┌─ DATA SHOWN

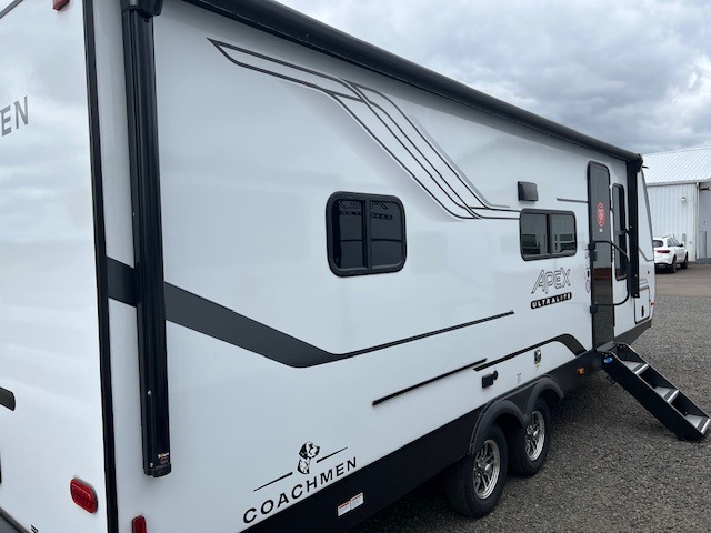 Lightweight living and camping is found with the Apex Ultra-Lite travel trailers by Coachmen. These eco-friendly units are made to last thanks to the Azdel composite sidewalls, the laminated aluminum floor, and the vacuum-bonded laminated crowned roof. Easy lube axles make towing easier than ever, plus there is a friction hinge entrance door, a 200-watt solar panel with a 30 Amp control charger, and slam latch baggage door catches for easy unloading. Some of the interior comforts you'll fall in love with are the one-piece seamless edge countertops, the hard valances with night shades, the matte black hardware, and the Casino Bisque cabinetry. The Apex Ultra-Lite trailers also include a USB charge station, plus a digital TV antenna with cable hook-ups and Wi-Fi capability for the option to stay connected as you camp!
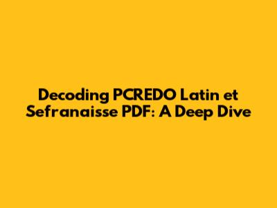 Decoding PCREDO Latin Et Sefranaisse PDF: A Deep Dive
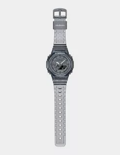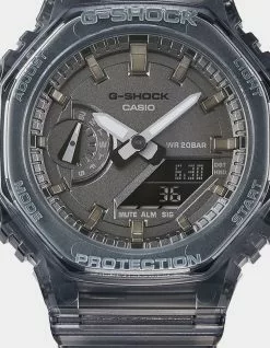 G-Shock GMAS2100SK1A Watch. Metallic translucent designs in a choice of colors for versatile watches that pair with any outfit, all year round. Index markings treated with a half-matte vapor deposition finish bring to life the clear metallic look. Case size (L× W× H): 46.2 × 42.9 × 11.2 mm. Shock Resistant. Carbon Core Guard structure. 200-meter water resistance. Approx. battery life: 3 years on SR726W X 2. Mineral Glass. 140 to 205mm. Neobrite. World time. Stopwatch. Timer. Alarm/hourly time signal. Light. Full auto-calendar (to year 2099). 12/24-hour format. Hand shift feature (Hands move out of the way to provide an unobstructed view of digital display contents.) Regular timekeeping: Analog: 2 hands (hour, minute (hand moves every 20 seconds)), 1 dial (day). Digital: Hour, minute, second, pm, month, date. Imported.
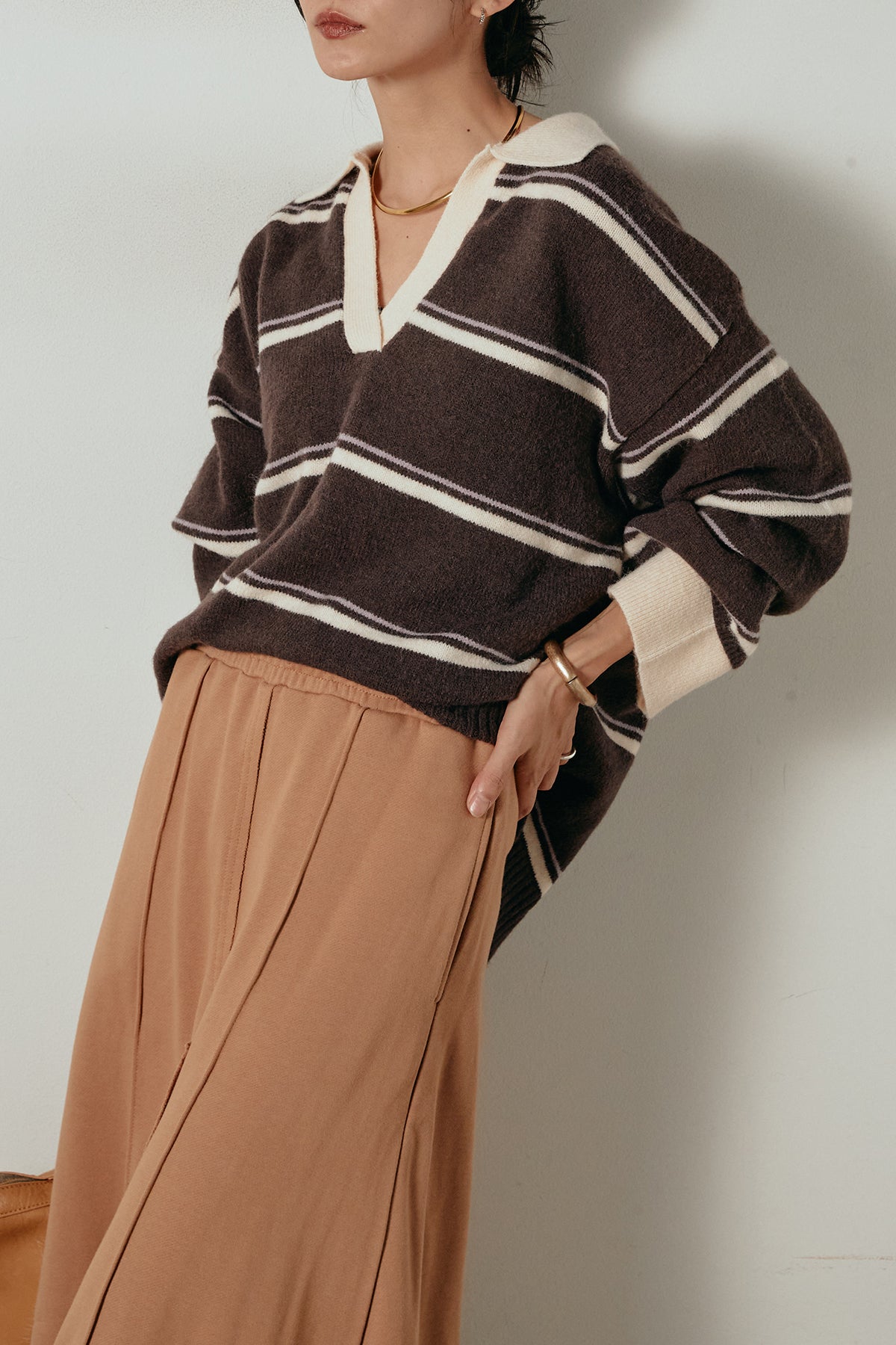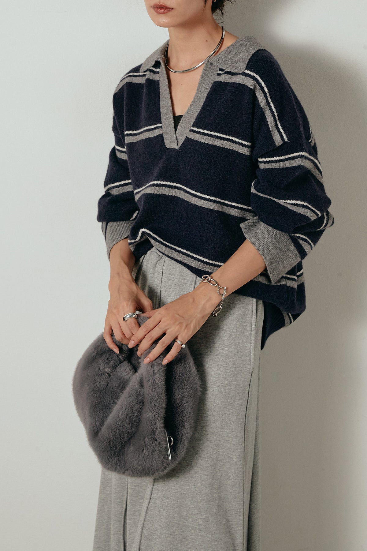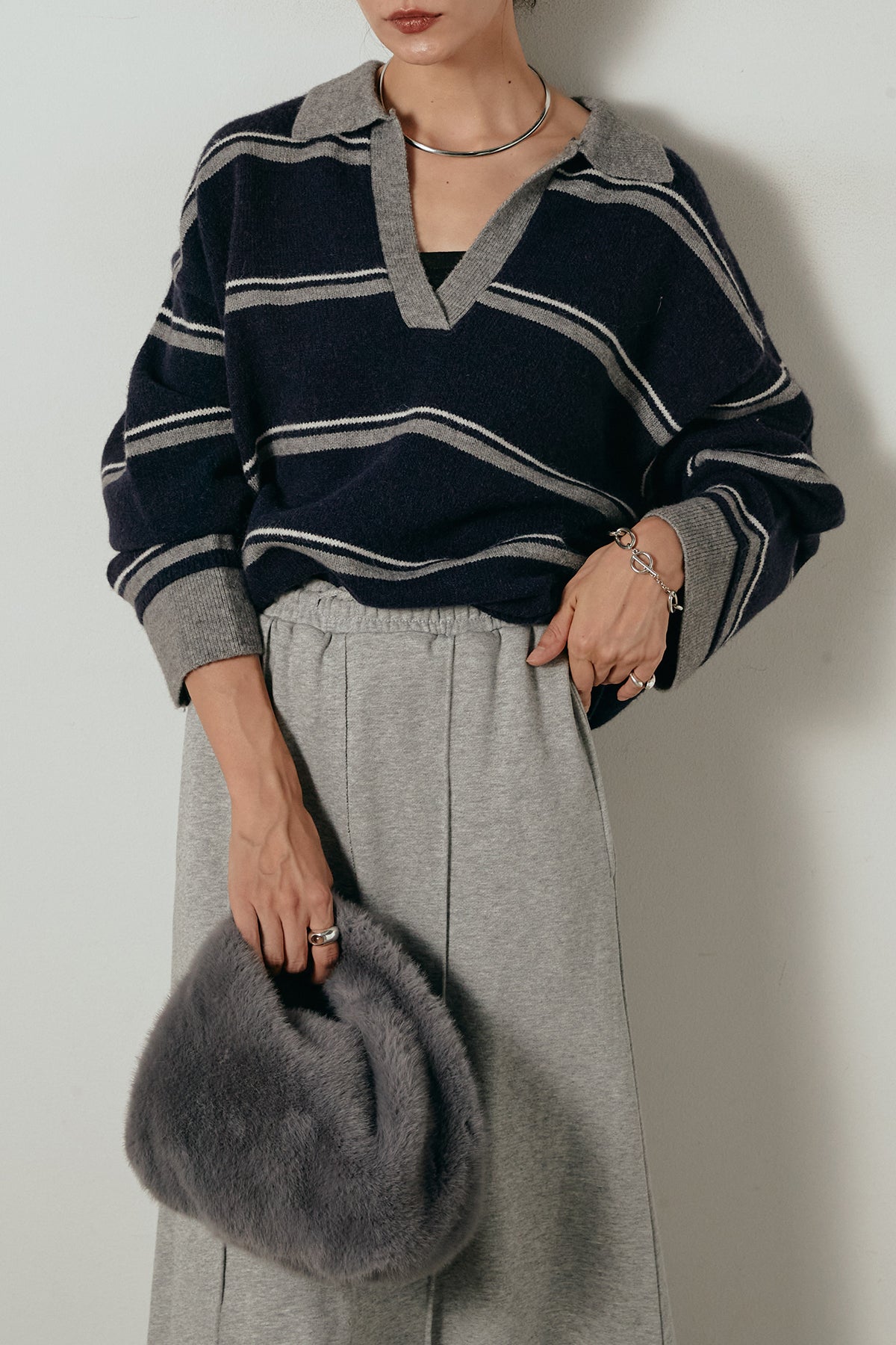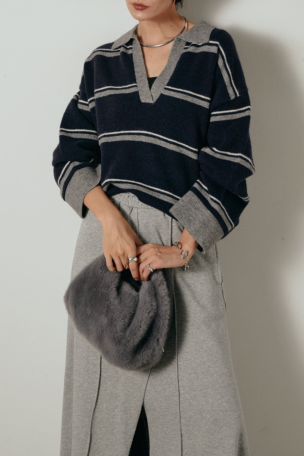 ふんわり柔らかなアルパカタッチ素材を使用した、ボーダー柄のラガーニット。 ほどよい厚みと軽さが魅力で、リラクシーな着心地を叶えつつシーズンムードを高めてくれます。 ラガーシャツ風の襟デザインがカジュアルなアクセントになり、存在感のあるボーダー柄で一枚着としてはもちろん、アウターのインナーにも映える仕上がり。 デニムやチノパンとのスタイリングでラフに、スカート合わせで抜け感のある着こなしにもおすすめです。
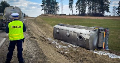 • Nietrzeźwy kierowca cysterny z mlekiem wpadł przez uszkodzone koło

└─

**PROBLEM STATEMENT**. Write each entry again exactly, minus any images.

**THE COMPLETED TASK**.
 Lightweight living and camping is found with the Apex Ultra-Lite travel trailers by Coachmen. These eco-friendly units are made to last thanks to the Azdel composite sidewalls, the laminated aluminum floor, and the vacuum-bonded laminated crowned roof. Easy lube axles make towing easier than ever, plus there is a friction hinge entrance door, a 200-watt solar panel with a 30 Amp control charger, and slam latch baggage door catches for easy unloading. Some of the interior comforts you'll fall in love with are the one-piece seamless edge countertops, the hard valances with night shades, the matte black hardware, and the Casino Bisque cabinetry. The Apex Ultra-Lite trailers also include a USB charge station, plus a digital TV antenna with cable hook-ups and Wi-Fi capability for the option to stay connected as you camp!
 Decoding PCREDO Latin Et Sefranaisse PDF: A Deep Dive
 G-Shock GMAS2100SK1A Watch. Metallic translucent designs in a choice of colors for versatile watches that pair with any outfit, all year round. Index markings treated with a half-matte vapor deposition finish bring to life the clear metallic look. Case size (L× W× H): 46.2 × 42.9 × 11.2 mm. Shock Resistant. Carbon Core Guard structure. 200-meter water resistance. Approx. battery life: 3 years on SR726W X 2. Mineral Glass. 140 to 205mm. Neobrite. World time. Stopwatch. Timer. Alarm/hourly time signal. Light. Full auto-calendar (to year 2099). 12/24-hour format. Hand shift feature (Hands move out of the way to provide an unobstructed view of digital display contents.) Regular timekeeping: Analog: 2 hands (hour, minute (hand moves every 20 seconds)), 1 dial (day). Digital: Hour, minute, second, pm, month, date. Imported.
 ふんわり柔らかなアルパカタッチ素材を使用した、ボーダー柄のラガーニット。 ほどよい厚みと軽さが魅力で、リラクシーな着心地を叶えつつシーズンムードを高めてくれます。 ラガーシャツ風の襟デザインがカジュアルなアクセントになり、存在感のあるボーダー柄で一枚着としてはもちろん、アウターのインナーにも映える仕上がり。 デニムやチノパンとのスタイリングでラフに、スカート合わせで抜け感のある着こなしにもおすすめです。
 • Nietrzeźwy kierowca cysterny z mlekiem wpadł przez uszkodzone koło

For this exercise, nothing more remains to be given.